Task - The records below need to be repeated exactly, though not their pictures.

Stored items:

-------------------------

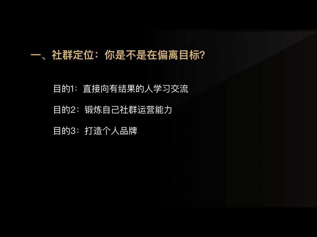 看过太多人,最初本来纯粹地做着社群运营,但后来就变了味,割人割韭菜,吃相十分不好看,看到这些不停摔倒的案例,我也在持续敲打自己,切勿成为他人的教训,所以一直要牢记着自己建立这个社群的初心,即希望通过这个群能直接向有经验的人学习交流(这种方法比自己摸索高效的多),然后锻炼自己社群运营能力,最好还能打造个人品牌。
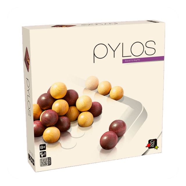Pylos es un juego de estrategia y habilidad donde el objetivo es ser quien coloque la última bola en la cima de la pirámide. Cada jugador cuenta con quince bolas de un color y, por turnos, las coloca en un tablero con una cuadrícula de 4×4. Cuando se forman cuadrados de cuatro bolas, se pueden apilar nuevas bolas, elevando la estructura hasta cuatro niveles, y quien logre colocar la última bola en la cúspide gana la partida.
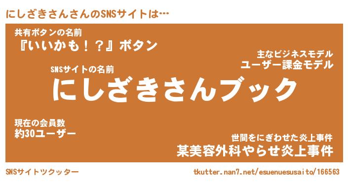 | ヘコむあだ名 | 『にしもー』『なまこ酢』『にしっぺ』 |
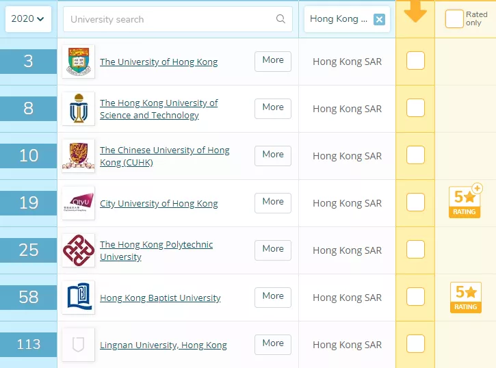 香港主要的八所大学中前三所的香港大学、香港中文大学和香港科技大学均进入了亚洲前十!
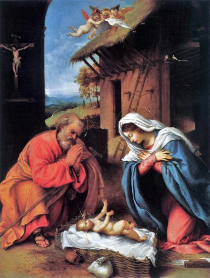 Në 1523 Lotto pikturoi “Lindja e Krishtit”, një panel i vogël (46 x 36 cm) i mbajtur në Galerinë Kombëtare të Arteve në Uashington. Lorenzo Lotto në këtë periudhë ishte gati të përfundonte qëndrimin e tij në Bergamo, një periudhë që përfshin vitet midis 1512 dhe 1525, e cila karakterizohet nga një “misticizëm afektiv” dhe një sens magjik i futur në vepra falë përdorimit të dritës. Lindja e Krishtit, e destinuar për një shtëpi private, duke pasur parasysh madhësinë e saj të vogël, është një pikturë e krijuar për përkushtimin e një familjeje. Në pikturë, personazhet e shenjtë janë vendosur në plan të parë, aq sa e vendosin vëzhguesin në një pozicion të privilegjuar. Ne nuk shikojmë brenda nga jashtë, skena shihet nga brenda; ekziston një kusht i afërsisë së besimtarëve me misterin që zbulohet.
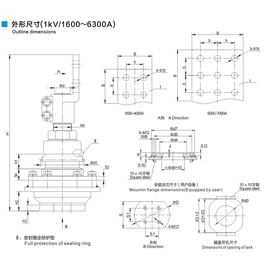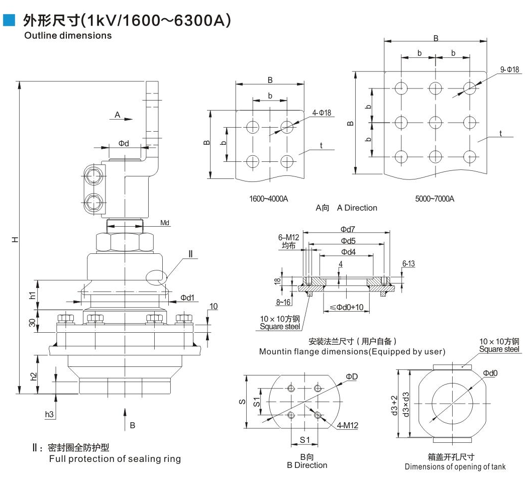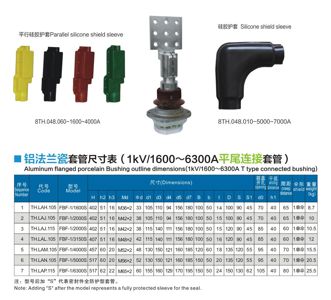 鋁法蘭瓷套管1kV/1600~6300A平尾連接套管
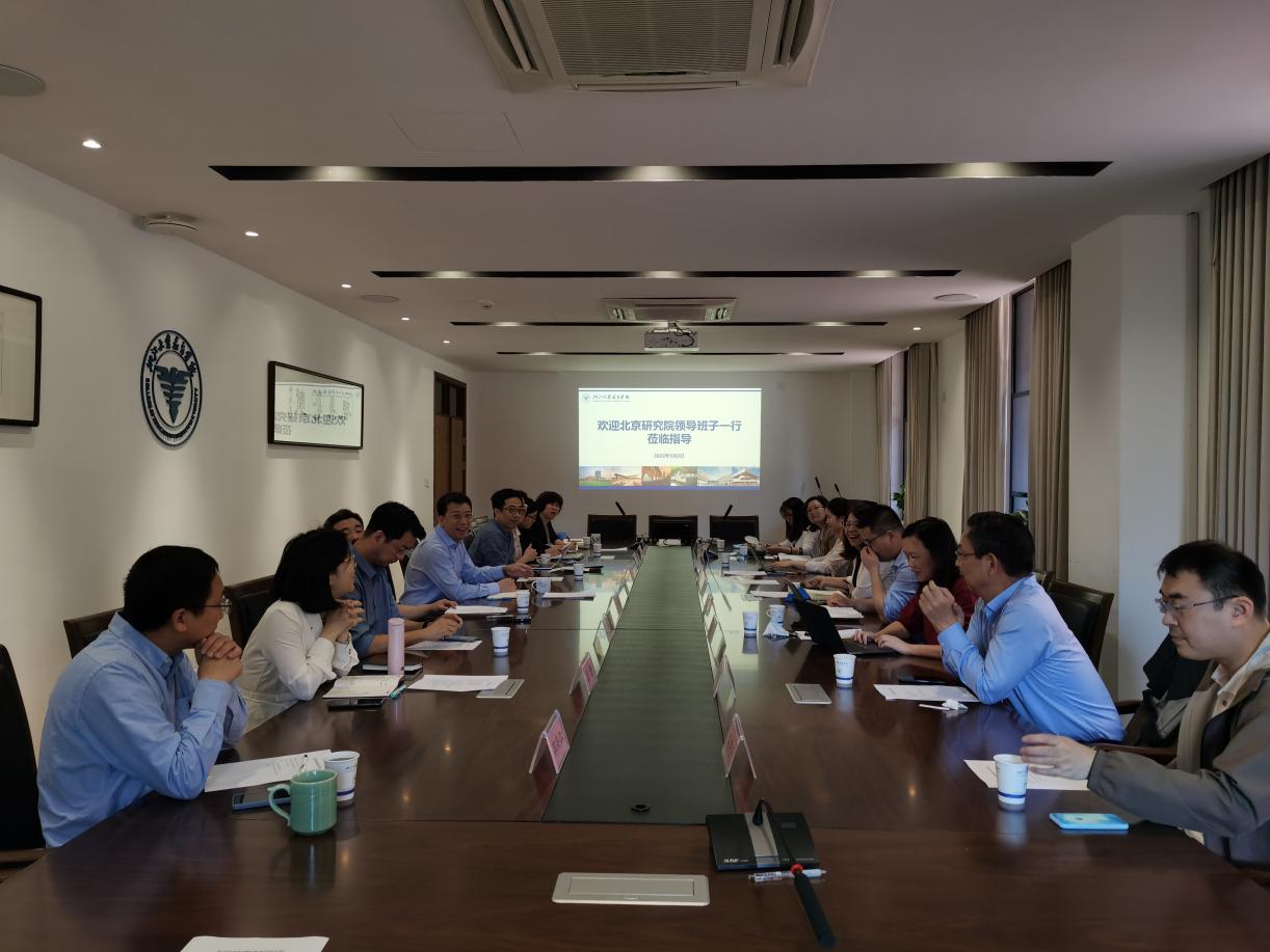 5月5日,浙江大学北京研究院领导班子一行来院调研座谈,双方就智库建设、人才引育、校友联络等方面进行交流与探讨。座谈会由教育学院副院长孙元涛主持。
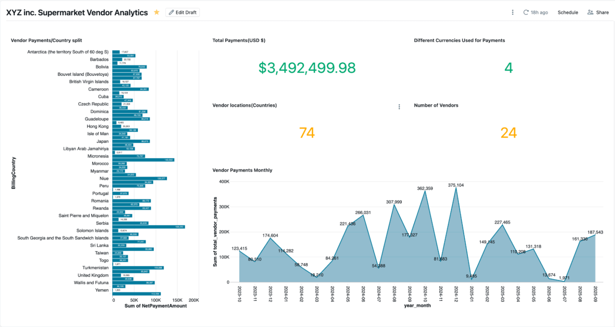 マテリアライズドビューが作成されると、チームがベンダーの支払い、未払い残高、地域別の支出を視覚化できるAI/BIダッシュボードで直接探索できます。これらは動的なフィルタリング、検索、コラボレーションをサポートしており、すべてUnity Catalogによって管理されています。Genieは、同じデータの自然言語による探索を可能にします。
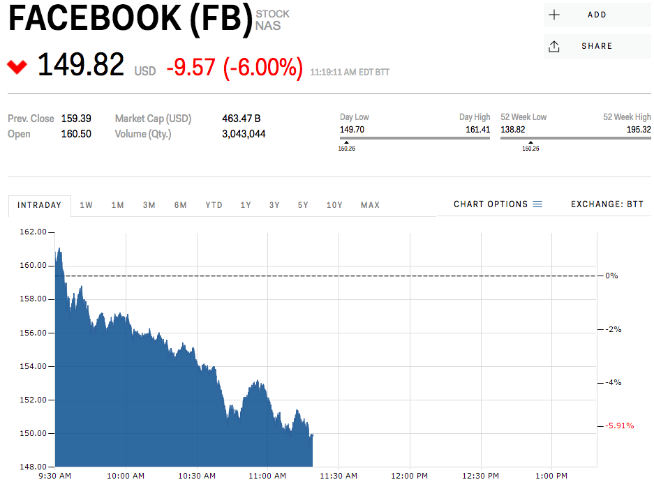 Facebook is officially in bear market territory, down more than 20% from recent highs, as the FTC confirms a probe into the Cambridge Analytica data privacy scandal. Shares are down more than 6% on Monday to an intraday low of $149, the lowest the stock has been since July 7, 2017.

-------------------------

Task result -
 看过太多人,最初本来纯粹地做着社群运营,但后来就变了味,割人割韭菜,吃相十分不好看,看到这些不停摔倒的案例,我也在持续敲打自己,切勿成为他人的教训,所以一直要牢记着自己建立这个社群的初心,即希望通过这个群能直接向有经验的人学习交流(这种方法比自己摸索高效的多),然后锻炼自己社群运营能力,最好还能打造个人品牌。
Pylos es un juego de estrategia y habilidad donde el objetivo es ser quien coloque la última bola en la cima de la pirámide. Cada jugador cuenta con quince bolas de un color y, por turnos, las coloca en un tablero con una cuadrícula de 4×4. Cuando se forman cuadrados de cuatro bolas, se pueden apilar nuevas bolas, elevando la estructura hasta cuatro niveles, y quien logre colocar la última bola en la cúspide gana la partida.
 | ヘコむあだ名 | 『にしもー』『なまこ酢』『にしっぺ』 |
 香港主要的八所大学中前三所的香港大学、香港中文大学和香港科技大学均进入了亚洲前十!
 Në 1523 Lotto pikturoi “Lindja e Krishtit”, një panel i vogël (46 x 36 cm) i mbajtur në Galerinë Kombëtare të Arteve në Uashington. Lorenzo Lotto në këtë periudhë ishte gati të përfundonte qëndrimin e tij në Bergamo, një periudhë që përfshin vitet midis 1512 dhe 1525, e cila karakterizohet nga një “misticizëm afektiv” dhe një sens magjik i futur në vepra falë përdorimit të dritës. Lindja e Krishtit, e destinuar për një shtëpi private, duke pasur parasysh madhësinë e saj të vogël, është një pikturë e krijuar për përkushtimin e një familjeje. Në pikturë, personazhet e shenjtë janë vendosur në plan të parë, aq sa e vendosin vëzhguesin në një pozicion të privilegjuar. Ne nuk shikojmë brenda nga jashtë, skena shihet nga brenda; ekziston një kusht i afërsisë së besimtarëve me misterin që zbulohet.
 鋁法蘭瓷套管1kV/1600~6300A平尾連接套管
 5月5日,浙江大学北京研究院领导班子一行来院调研座谈,双方就智库建设、人才引育、校友联络等方面进行交流与探讨。座谈会由教育学院副院长孙元涛主持。
 マテリアライズドビューが作成されると、チームがベンダーの支払い、未払い残高、地域別の支出を視覚化できるAI/BIダッシュボードで直接探索できます。これらは動的なフィルタリング、検索、コラボレーションをサポートしており、すべてUnity Catalogによって管理されています。Genieは、同じデータの自然言語による探索を可能にします。
 Facebook is officially in bear market territory, down more than 20% from recent highs, as the FTC confirms a probe into the Cambridge Analytica data privacy scandal. Shares are down more than 6% on Monday to an intraday low of $149, the lowest the stock has been since July 7, 2017.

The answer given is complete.